Having distributed all the 1,000 leaflets I had created and printed for the Extinction Rebellion group, and helped with the People’s Assembly process of group discussions on what is to be done, I met in the later afternoon with key local activists for a debrief and short beer in the back garden, and then watched the news, exhausted.

 “We’re so worried about this, we’re even scared to have children…” was the interview with a 15 year old young woman at the London demonstration. And finally my emotions kicked back in. The views of hundreds of thousands into millions of young people demonstrating in 148 countries and seven continents across the world (yes, including Antarctica) made me cry and feel heavy of heart, not elated.

How strange. Perverse? Earlier, in the debrief, a few of us oldies had acknowledged the potential power of the mass and at the same time the scale of the challenge. We recognised, solemnly, that we each had by now undergone a sustained period of mourning for what has already been lost and what is still to go. Perhaps advancing age does indeed allow us to face mortality more honestly.

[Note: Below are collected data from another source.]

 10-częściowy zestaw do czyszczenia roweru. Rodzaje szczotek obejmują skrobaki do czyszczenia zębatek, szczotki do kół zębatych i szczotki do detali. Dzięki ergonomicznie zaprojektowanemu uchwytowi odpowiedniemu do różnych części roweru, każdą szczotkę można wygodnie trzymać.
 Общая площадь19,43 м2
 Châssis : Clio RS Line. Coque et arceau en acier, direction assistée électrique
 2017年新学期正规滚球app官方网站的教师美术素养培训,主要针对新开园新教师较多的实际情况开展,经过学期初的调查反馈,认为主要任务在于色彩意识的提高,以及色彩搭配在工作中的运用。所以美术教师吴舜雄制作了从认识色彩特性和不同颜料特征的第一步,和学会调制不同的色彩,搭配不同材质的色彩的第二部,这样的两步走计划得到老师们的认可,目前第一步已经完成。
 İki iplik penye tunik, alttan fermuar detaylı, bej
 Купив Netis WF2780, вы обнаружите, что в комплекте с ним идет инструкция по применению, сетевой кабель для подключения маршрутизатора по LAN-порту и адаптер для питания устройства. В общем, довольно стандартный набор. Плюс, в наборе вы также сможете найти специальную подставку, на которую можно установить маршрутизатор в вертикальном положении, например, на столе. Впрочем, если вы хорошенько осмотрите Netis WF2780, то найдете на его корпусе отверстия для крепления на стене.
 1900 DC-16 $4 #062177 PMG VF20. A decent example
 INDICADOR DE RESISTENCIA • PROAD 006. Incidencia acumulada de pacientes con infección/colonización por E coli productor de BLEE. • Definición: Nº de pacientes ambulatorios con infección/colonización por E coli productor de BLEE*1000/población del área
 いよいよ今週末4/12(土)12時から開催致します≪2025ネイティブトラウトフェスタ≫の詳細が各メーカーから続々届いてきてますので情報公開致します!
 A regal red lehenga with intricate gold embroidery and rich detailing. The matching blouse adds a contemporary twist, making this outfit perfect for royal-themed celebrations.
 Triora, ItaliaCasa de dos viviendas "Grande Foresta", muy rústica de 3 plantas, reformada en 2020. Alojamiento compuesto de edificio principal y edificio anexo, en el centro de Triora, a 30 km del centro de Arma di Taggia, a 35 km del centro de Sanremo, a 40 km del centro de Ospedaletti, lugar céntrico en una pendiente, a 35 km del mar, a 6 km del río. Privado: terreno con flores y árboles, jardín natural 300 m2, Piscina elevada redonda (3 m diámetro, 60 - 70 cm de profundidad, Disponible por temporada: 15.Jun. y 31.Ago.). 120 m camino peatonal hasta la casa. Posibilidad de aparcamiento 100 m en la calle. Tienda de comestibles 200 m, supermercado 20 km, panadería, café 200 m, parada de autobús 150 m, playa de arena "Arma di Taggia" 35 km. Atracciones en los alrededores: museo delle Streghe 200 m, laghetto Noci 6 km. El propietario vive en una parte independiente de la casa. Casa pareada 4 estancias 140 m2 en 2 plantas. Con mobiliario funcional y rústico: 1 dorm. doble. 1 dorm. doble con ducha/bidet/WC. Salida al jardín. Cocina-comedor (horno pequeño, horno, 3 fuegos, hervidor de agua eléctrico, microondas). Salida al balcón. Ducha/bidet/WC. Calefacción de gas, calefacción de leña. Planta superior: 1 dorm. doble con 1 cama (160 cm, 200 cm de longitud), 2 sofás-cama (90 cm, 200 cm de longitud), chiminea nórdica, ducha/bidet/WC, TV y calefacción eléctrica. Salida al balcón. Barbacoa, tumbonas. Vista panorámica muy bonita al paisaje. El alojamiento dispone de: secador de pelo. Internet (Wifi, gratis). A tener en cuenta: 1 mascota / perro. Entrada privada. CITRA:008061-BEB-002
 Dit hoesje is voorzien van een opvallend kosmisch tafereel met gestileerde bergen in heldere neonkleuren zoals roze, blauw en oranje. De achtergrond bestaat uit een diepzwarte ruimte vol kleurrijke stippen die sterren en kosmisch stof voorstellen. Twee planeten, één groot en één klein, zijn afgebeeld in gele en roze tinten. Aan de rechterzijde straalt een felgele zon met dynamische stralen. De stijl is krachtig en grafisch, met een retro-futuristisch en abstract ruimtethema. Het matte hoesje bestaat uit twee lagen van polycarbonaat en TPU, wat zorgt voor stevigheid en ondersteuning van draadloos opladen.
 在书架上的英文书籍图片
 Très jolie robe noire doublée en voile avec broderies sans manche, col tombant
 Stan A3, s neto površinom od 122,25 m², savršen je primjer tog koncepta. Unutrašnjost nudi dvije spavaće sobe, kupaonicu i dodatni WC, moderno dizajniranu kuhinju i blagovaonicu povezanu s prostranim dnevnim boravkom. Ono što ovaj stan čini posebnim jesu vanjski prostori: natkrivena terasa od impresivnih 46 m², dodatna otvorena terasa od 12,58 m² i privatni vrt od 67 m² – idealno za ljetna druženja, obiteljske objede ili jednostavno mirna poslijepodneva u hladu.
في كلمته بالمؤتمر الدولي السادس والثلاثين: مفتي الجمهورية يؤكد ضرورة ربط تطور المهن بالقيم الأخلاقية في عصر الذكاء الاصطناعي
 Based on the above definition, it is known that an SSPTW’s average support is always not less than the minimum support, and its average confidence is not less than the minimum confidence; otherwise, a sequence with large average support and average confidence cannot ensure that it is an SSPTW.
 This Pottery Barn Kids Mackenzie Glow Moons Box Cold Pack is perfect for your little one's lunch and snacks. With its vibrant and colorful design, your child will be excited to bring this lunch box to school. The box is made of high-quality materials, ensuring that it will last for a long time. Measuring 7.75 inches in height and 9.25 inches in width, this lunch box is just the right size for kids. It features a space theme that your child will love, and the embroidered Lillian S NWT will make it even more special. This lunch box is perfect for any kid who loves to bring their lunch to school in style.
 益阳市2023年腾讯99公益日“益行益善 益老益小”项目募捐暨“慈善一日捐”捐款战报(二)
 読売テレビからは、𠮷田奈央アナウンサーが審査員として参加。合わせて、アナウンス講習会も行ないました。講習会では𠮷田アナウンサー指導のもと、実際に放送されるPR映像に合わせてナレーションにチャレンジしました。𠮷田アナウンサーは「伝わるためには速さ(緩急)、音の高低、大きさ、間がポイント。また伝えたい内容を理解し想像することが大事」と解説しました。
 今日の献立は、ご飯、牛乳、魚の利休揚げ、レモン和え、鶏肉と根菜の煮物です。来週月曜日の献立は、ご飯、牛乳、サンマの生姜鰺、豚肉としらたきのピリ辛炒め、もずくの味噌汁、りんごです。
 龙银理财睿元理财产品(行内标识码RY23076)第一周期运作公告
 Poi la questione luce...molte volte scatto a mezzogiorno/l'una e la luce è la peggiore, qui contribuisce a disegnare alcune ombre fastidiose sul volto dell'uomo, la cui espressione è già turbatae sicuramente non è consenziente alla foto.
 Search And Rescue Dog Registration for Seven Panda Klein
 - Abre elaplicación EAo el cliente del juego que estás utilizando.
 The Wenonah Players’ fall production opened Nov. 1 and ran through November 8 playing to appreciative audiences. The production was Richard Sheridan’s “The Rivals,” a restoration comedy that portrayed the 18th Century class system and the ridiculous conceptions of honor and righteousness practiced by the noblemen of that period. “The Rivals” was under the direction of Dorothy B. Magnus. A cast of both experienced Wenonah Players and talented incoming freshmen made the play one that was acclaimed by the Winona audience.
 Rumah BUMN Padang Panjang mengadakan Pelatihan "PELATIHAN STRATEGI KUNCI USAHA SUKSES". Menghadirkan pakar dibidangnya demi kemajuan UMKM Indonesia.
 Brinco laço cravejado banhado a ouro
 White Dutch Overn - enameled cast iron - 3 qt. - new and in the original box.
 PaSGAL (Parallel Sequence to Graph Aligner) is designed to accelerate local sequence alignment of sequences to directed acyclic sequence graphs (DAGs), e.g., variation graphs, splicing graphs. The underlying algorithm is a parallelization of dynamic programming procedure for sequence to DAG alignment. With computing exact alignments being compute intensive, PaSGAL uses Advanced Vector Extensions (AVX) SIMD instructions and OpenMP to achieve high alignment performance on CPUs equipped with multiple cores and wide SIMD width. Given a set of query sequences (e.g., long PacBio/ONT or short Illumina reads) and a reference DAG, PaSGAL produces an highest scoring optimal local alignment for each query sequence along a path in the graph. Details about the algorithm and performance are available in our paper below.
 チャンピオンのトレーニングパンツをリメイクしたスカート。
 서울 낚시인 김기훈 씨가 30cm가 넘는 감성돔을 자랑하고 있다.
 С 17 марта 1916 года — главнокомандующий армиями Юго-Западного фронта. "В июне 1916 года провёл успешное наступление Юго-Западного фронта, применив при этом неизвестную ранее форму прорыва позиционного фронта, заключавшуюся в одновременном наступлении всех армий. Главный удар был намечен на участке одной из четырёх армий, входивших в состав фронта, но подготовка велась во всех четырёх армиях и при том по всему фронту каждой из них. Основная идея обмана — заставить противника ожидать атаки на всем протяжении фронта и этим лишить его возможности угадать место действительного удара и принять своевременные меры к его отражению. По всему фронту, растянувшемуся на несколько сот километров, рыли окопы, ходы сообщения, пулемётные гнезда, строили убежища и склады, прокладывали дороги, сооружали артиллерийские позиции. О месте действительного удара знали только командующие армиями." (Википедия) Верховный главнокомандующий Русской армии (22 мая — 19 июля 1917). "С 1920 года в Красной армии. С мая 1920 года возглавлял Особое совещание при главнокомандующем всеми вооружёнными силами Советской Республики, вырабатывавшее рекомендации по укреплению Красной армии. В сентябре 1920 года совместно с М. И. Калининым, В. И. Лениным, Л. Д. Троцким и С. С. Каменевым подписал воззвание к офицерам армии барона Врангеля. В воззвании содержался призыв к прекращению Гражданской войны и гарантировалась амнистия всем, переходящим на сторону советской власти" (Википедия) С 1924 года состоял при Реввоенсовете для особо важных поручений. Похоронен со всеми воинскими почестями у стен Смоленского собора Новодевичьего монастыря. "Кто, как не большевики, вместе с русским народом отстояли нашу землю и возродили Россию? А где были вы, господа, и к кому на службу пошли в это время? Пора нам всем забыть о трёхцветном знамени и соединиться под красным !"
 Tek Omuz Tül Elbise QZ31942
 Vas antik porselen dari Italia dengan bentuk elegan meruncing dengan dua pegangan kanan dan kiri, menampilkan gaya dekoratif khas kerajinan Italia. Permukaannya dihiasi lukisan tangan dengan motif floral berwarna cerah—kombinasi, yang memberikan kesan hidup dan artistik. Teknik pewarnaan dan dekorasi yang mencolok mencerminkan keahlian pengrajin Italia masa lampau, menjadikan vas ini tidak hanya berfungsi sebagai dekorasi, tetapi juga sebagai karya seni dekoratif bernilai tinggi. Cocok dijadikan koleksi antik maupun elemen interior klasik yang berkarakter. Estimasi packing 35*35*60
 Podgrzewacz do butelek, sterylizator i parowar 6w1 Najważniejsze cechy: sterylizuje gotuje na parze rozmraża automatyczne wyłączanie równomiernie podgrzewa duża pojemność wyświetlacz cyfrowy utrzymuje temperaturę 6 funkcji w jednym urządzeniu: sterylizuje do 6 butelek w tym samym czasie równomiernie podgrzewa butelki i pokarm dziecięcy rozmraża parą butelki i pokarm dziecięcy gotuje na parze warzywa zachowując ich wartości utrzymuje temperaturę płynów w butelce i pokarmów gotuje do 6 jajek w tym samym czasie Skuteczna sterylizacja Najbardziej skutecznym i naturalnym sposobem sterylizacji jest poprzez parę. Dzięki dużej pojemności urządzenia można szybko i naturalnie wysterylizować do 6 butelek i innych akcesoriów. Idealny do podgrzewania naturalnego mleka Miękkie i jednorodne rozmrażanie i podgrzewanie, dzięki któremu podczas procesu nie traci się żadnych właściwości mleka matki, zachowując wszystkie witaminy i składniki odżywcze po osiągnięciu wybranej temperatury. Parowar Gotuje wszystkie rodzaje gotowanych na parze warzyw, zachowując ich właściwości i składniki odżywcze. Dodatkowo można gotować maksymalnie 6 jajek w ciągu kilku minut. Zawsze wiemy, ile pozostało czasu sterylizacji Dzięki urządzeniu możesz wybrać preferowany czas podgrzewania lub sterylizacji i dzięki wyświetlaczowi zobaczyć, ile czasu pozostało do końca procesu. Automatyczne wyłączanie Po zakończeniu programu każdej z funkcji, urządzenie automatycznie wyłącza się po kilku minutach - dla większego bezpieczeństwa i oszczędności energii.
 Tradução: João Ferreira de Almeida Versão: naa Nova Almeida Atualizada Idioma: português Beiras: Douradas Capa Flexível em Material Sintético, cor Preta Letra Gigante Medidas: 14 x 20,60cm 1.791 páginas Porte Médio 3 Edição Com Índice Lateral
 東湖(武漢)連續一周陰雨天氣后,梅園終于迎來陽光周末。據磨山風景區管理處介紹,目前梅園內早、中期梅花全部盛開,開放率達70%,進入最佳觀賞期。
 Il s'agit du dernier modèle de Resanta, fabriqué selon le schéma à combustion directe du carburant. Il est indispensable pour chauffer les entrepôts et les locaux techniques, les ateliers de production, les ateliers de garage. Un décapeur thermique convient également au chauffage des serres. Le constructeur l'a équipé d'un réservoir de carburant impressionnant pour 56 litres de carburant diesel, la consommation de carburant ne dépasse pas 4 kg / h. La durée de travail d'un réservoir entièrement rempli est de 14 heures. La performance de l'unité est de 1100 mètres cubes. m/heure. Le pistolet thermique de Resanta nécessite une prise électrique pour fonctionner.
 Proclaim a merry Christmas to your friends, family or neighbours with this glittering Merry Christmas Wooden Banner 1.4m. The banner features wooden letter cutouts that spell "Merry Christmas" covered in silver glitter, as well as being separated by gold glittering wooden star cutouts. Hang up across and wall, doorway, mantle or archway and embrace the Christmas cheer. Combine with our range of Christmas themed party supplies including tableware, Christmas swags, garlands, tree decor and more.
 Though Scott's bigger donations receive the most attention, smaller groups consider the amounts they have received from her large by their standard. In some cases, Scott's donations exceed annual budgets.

And probably its just as well that the youth cannot. 

The bereavement process enacted by the physical images of climate change as well as the outrageous graphic displays of runaway emissions has informed the emotional intelligence of most activists in Extinction Rebellion. We were organising to stop the barbarism of social and environmental collapse. For most of the youth, shouting “whose streets, our streets, whose planet, our planet” and replying “Rebellion” to the call out of “Extinction”, this was a day of festival and release. A protest for the Planet, but as much an emotional release from the confines of school and college and work and good behaviour.

The Russian revolutionary socialist, Vladimir Lenin, writing in the wake of enormous social protests in 1905, called revolutions the festival of the oppressed and exploited. Yesterday’s protests are a far cry from any revolutionary upsurge, but echoed Lenin’s notion back to me. This was an outcry, the largest global protest against climate change ever, competing with the 2003 anti-War upsurge against the illegal and genocidal invasion of Iraq. The protests should offer an enormous sense of hope.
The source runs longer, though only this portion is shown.